Only one as my main fursona but I also started to create a couple more chars for my own little universe this year.


----------



## Jevlin (May 19, 2019)

OCs I have a lot because of my projects and stories but fursonas/alteregos I've never had that much.

Before 8: I didn't know what a fursona was back then but my first one was a mary-sue pegacorn with blue stripes and rainbow-colored mane.
8: Gary-stu, again, as a child I violently wanted all my characters to be the best ever. It was a black wolf who had all the magical powers I could imagine.
11: Spirit, my first real fursona (when I actually knew the meaning of the word) finally wasn't a perfect character, it was a white wolf with a purple halo. She's got wings later and some dark grey patterns but basicly stayed the same and was my fursona for a very long time.
13: It was the time when making a demon side of your characters was a huge and higly popular thing. Of course, I made one for Spirit, so I had a second fursona, too. It only lasted for a year and a half I think and It was very edgy... Also, this was the time when I created my new OC who eventually became my next fursona.
16: I think I was 16 when it happened but I remember it was a very slow transition between Spirit and my current fursona, Wander. I just started drawing more Wander and less Spirit. Wander's also my first non-feral character, he's a semi-feral mouse.


----------



## Kit H. Ruppell (May 19, 2019)

I have only had the one main since I started, unless you count the feral Red Fox I had in elementary school.


----------



## Infrarednexus (May 19, 2019)

I have my main sona, Nexus, and one other character I have recently created that I am still working on.


----------



## Sirocco~ (May 19, 2019)

Infrarednexus said:


> I have my main sona, Nexus, and one other character I have recently created that I am still working on.

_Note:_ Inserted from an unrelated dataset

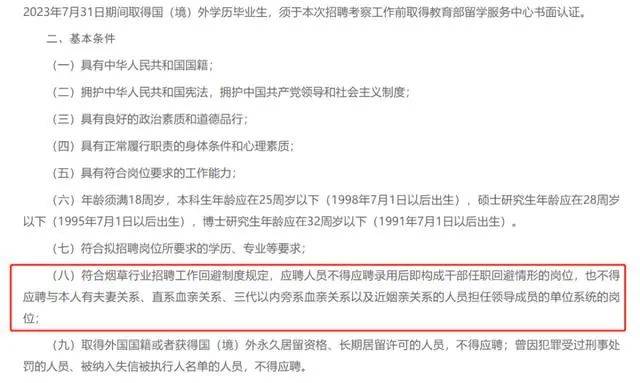 该回避要求并非今年首次出现,以山东烟草局为例,该局2022年高校毕业生招聘公告就要求应聘者符合烟草行业招聘工作回避制度规定,应聘人员不得应聘录用后即构成干部任职回避情形的岗位,也不得应聘与本人有夫妻关系、直系血亲关系、三代以内旁系血亲关系以及近姻亲关系的人员担任领导成员的单位系统的岗位。

A new character? Very interesting!


----------



## Tyll'a (May 19, 2019)

Just Tyll'a.  I've had a bunch of OCs but Tyll'a is my only sona.


----------



## The Matte-Black Cat (May 20, 2019)

Three,

First I was a red Puma, then I was a black tiger with white stripes for almost ten years, then I recently became what I am today - I think almost a year ago I turned into my current fursona..


----------



## Skychickens (May 21, 2019)

Actual main fursonas? Two. A feral fluffy brown and white winged cat named Fluffy and my current winged ferret LV. 

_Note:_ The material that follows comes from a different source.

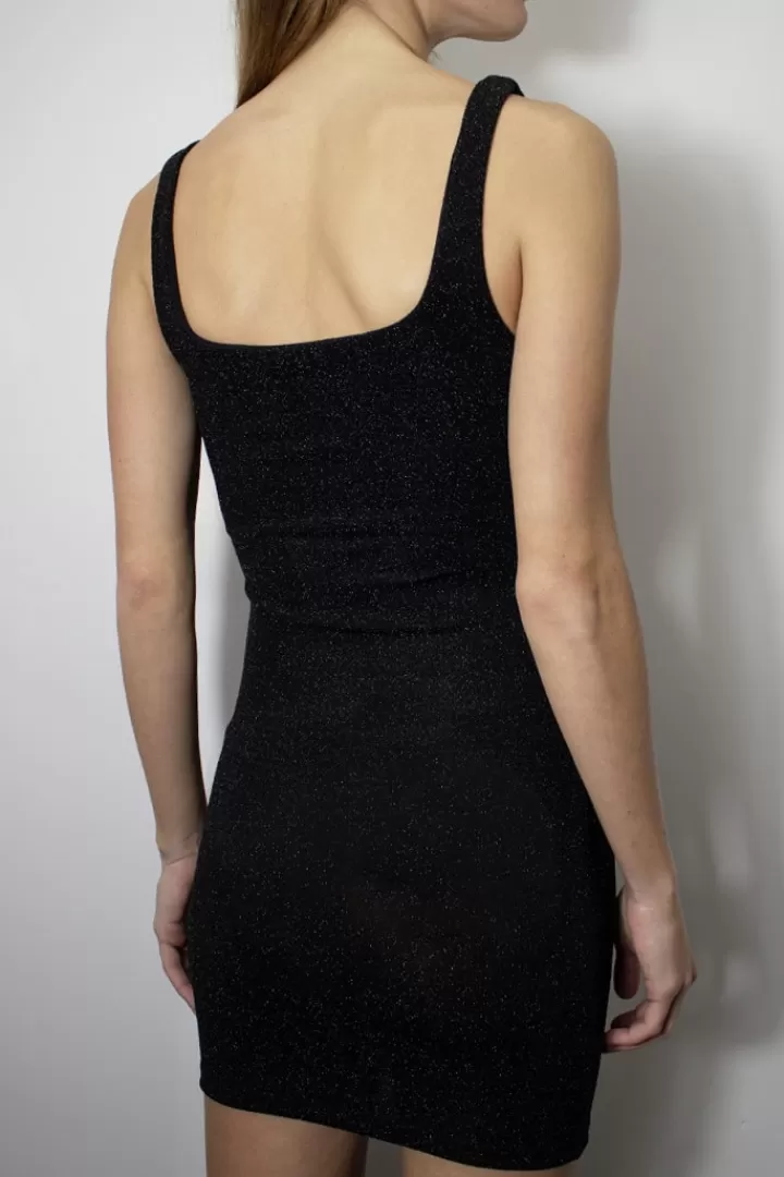 Tube dress, lurex fabric, square neckline, sleveless, short length, slim fit.

I’ve had two ponysonas though. Tried to make a third but it never stuck.


----------



## Doar Sign (May 23, 2019)

I have only had one: Dwayne "The Rock" Johnson. See my thread for more details.


----------



## Bluefiremark II (May 23, 2019)

Two, but a lot, and i mean a LOT of characters beside my sona..


----------



## roachparade (May 27, 2019)

My sona has definitely evolved with me as I as a person have grown, which makes sense when I made my first when I was 10 haha. I've only really had four sonas, though they've been tweaked lots until they were changed.

At 10-13 I had Kara, a grey wolf with a red scarf, pretty much nothing interesting in terms of design and had absolutely no characterbuilding. Eventually she developed into a blue and grey cat, minus the scarf but plus a collar with a button on it for some reason.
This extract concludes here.